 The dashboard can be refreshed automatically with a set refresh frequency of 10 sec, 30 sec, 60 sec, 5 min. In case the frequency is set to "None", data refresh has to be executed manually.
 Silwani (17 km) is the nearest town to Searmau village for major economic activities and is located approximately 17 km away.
...
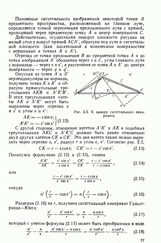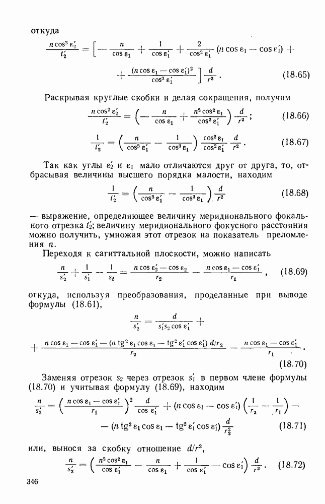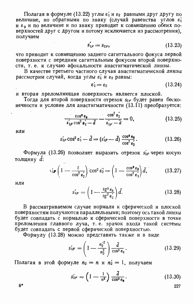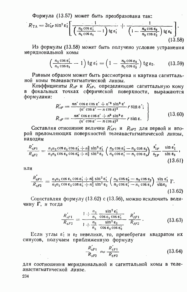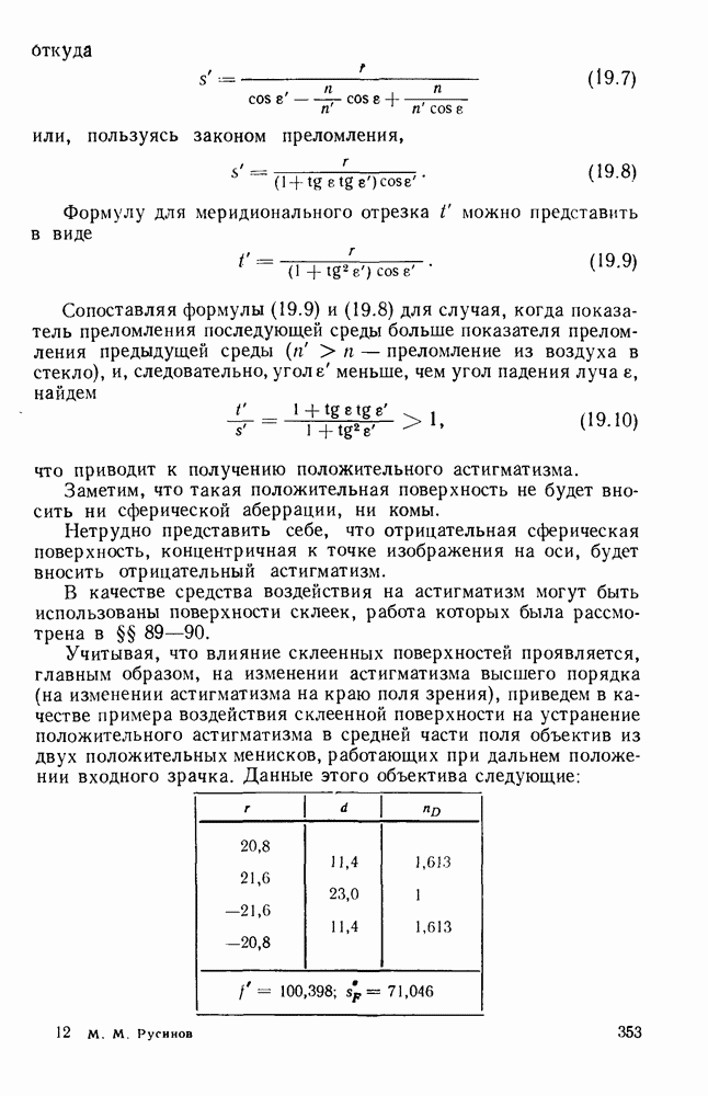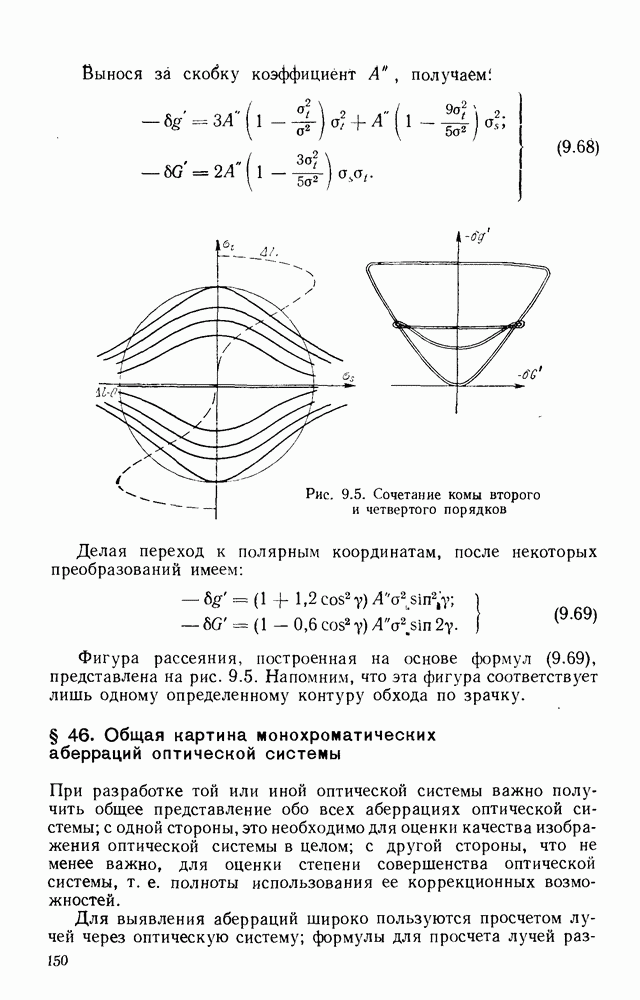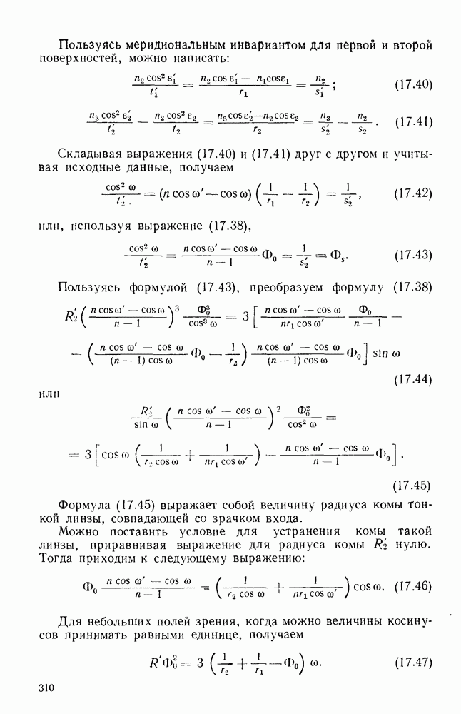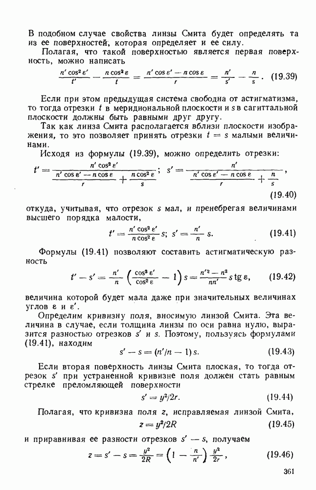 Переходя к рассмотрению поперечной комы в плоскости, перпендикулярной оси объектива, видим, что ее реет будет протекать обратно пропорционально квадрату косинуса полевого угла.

(What the exercise asks)
Beginning at the line above that contains "The dashboard can", return each line exactly through the line that contains "Silwani (17 km)", and no others.

(Result)
 The dashboard can be refreshed automatically with a set refresh frequency of 10 sec, 30 sec, 60 sec, 5 min. In case the frequency is set to "None", data refresh has to be executed manually.
 Silwani (17 km) is the nearest town to Searmau village for major economic activities and is located approximately 17 km away.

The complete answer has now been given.